ヤンマーテクニカルレビュー

高効率GHPの開発
~お客様の省エネルギーな暮らしと安心して仕事・生活ができる社会へ~

Abstract

Improving energy conversion efficiency is an important issue if society is to become more environmentally friendly.
Yanmar Energy System Co., Ltd. has developed an environment-friendly gas heat pump (GHP) air conditioner that improves air conditioning efficiency by 15% and uses 36% less refrigerant than previous models.
The new model is also lighter and has a 20% reduced installation footprint, making it easier for customers to undertake refurbishments, including those involving equipment replacement. The GHP is supported by a remote monitoring system that can also perform software updates. Through these features, Yanmar is helping to build a society in which customers can have peace of mind as they live and work in an energy-efficient manner.

1.はじめに

ガスエンジンを動力源とするガスヒートポンプエアコン(以下GHP)は、電力需要ピーク対策として国が推進する※1ガス冷暖房機器です。お客様にとってのランニングコスト及びイニシャルコスト低減(受電設備等)だけではなく、社会的な役割を担った機器となっています。
こうした背景に加え、近年では温室効果ガスによる地球温暖化を防ぐために、省電力化や脱炭素化、フロン排出抑制が重要視されるようになっています。
ヤンマーエネルギーシステム株式会社は、空調効率向上,冷媒量低減による小型・軽量化及び遠隔機能を強化した新シリーズGHP(L1シリーズ)を開発し、より一層お客様が安心して暮らせる社会へ貢献します。(図1)

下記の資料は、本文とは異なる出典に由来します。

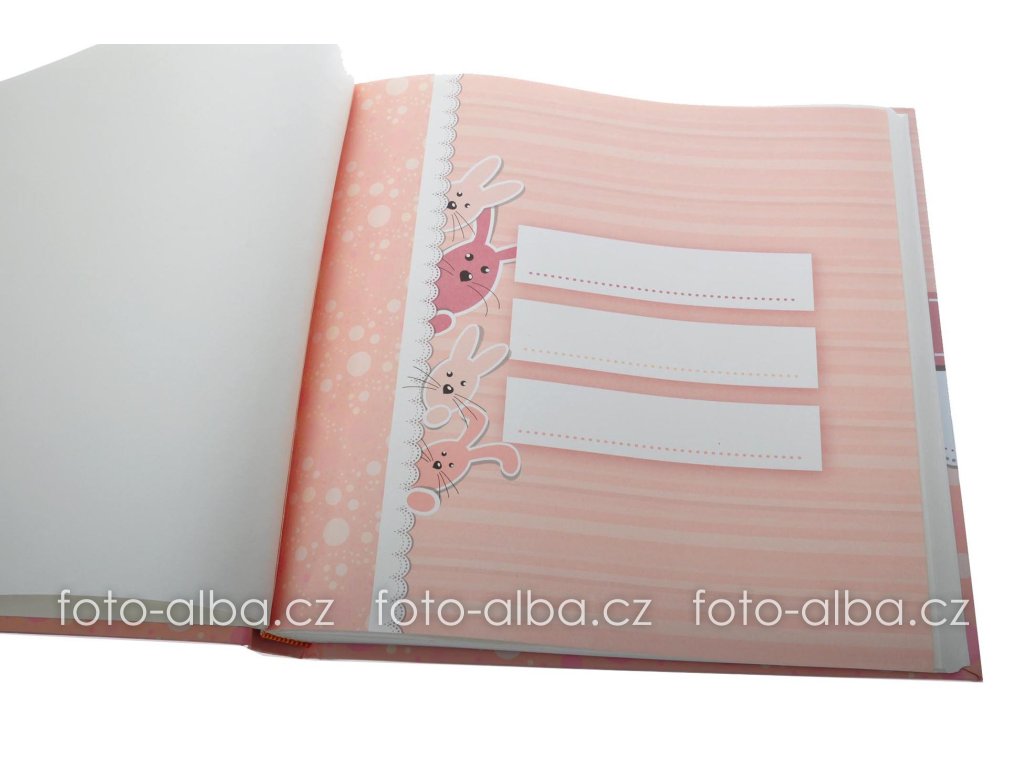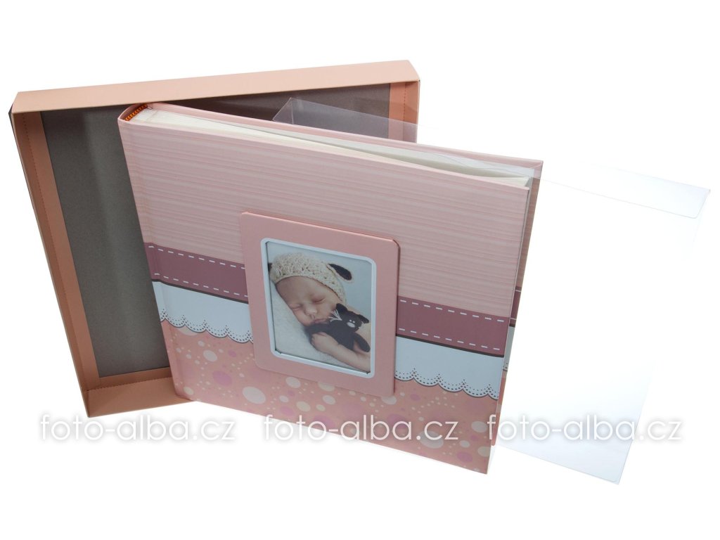 Klasické foto album Cinzia pro fotografie vašeho děťátka v růžovém provedení.Na přední desce má rámeček pro vložení vlastní fotky. Uloženo v přepravním boxu s průhledným víkem. První strana je určena pro zapsání důležitých údajů. Album obsahuje 60 stran (30listů) mezi kterými je jemný papír pro lepší ochranu vlepených fotografií. Na zadní desce najdete kapsu pro uložení CD se zálohou fotek v albu.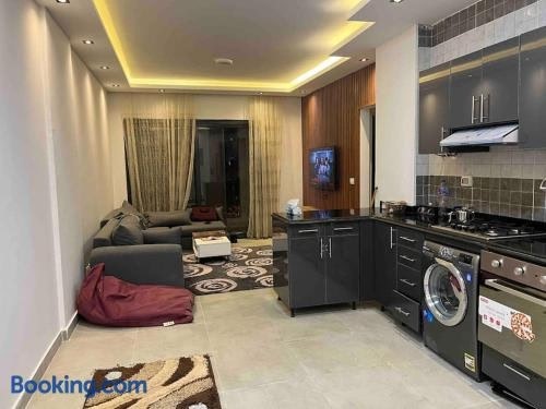 L’hébergement Stylish 2-Bedroom Apartment in Celia Compound, New Administrative Capital met à disposition un jardin, une terrasse et un bar. Il se trouve à Madīnat al Amal, à 33 km de ce lieu d’intérêt : Université américaine du Caire.
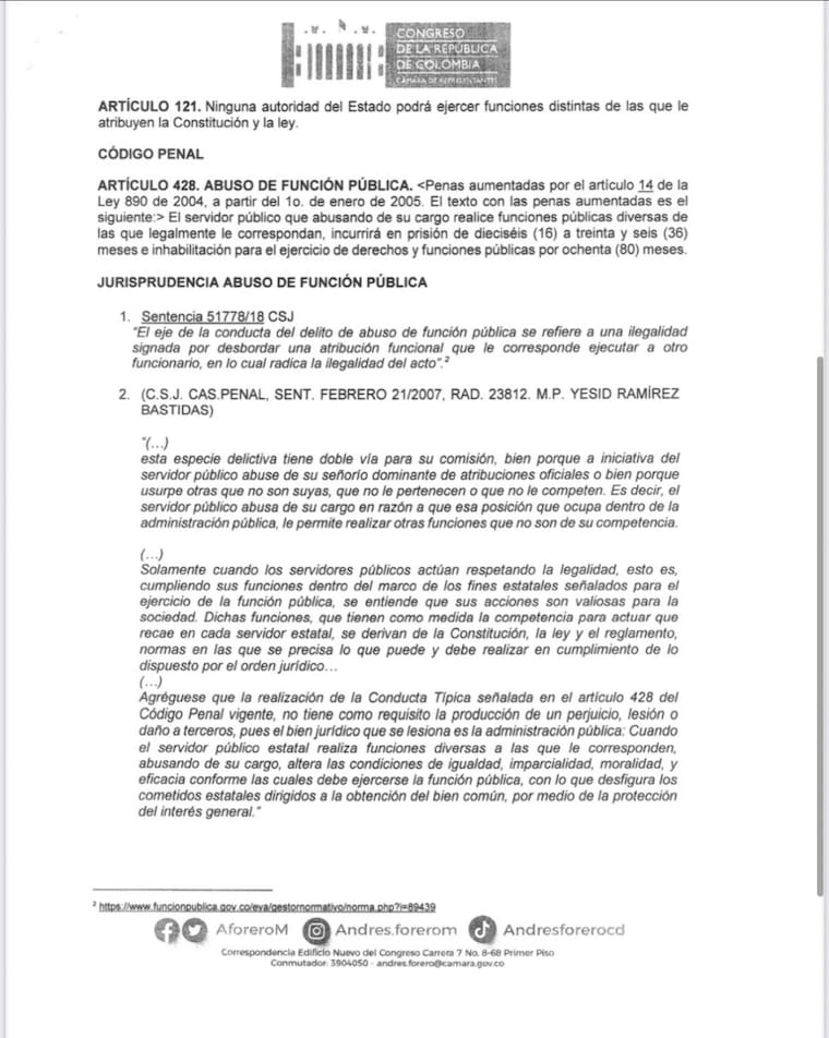 El congresista Andrés Forero Molina, miembro del partido Centro Democrático, presentó una denuncia formal ante la Fiscalía General de la Nación contra el ministro de Salud y Protección Social, Guillermo Alfonso Jaramillo, por el presunto delito de abuso de función pública, contemplado en el artículo 428 del Código Penal colombiano.

  • ※1工場等における電気の需要の平準化に資する措置に関する事業者の指針(平成25年12月27日経済産業省告示271号)
図1.GHP L1シリーズ
図1.GHP L1シリーズ

2.空調効率の向上

2.1.GHP冷媒回路の構成

圧縮機、熱交換器(蒸発機又は凝縮器)を有する冷媒回路から成るヒートポンプ式エアコンにとって熱交換効率は空調効率に大きく影響するものの一つです。図2に示すように、吸熱・放熱の効率が良くなれば圧縮機・ガスエンジンの負荷が軽くなり燃焼消費量低減に繋がります。

図2.GHP冷媒回路
図2.GHP冷媒回路

2.2.マイクロチャネル式熱交換器の採用

新シリーズGHPでは、従来のフィンチューブ式熱交換器(以下FC熱交)を全面的にマイクロチャネル熱交(以下MC熱交)へ一新しました。新しく採用したMC熱交の伝熱管は、薄いアルミ材の中に数十個の毛細管があり、これを数百枚重ねて互いをアルミフィンでろう付けしています。冷媒が接触する表面積と、空気が接触する表面積が相互に増え、伝熱性能を向上させることができます(図3)。また各伝熱管の冷媒の流れを従来の水平から垂直にすることで冷媒の偏流を抑えられるようにしました。冷房時は冷媒流れが鉛直下方向となり、冷媒の凝縮にあわせて重力に逆らうことなく流れます(図4)。

図3.マイクロチャネル熱交換器とフィンチューブ熱交換器の構造比較
図3.マイクロチャネル熱交換器とフィンチューブ熱交換器の構造比較
図4.熱交換器伝熱管の冷媒の流れ
図4.熱交換器伝熱管の冷媒の流れ

これらの技術の採用により伝熱性能の向上を果たし、図5に示すように空調効率の指標APFp※2を従来機Kシリーズ比で最大15%の大幅な効率向上を達成しました。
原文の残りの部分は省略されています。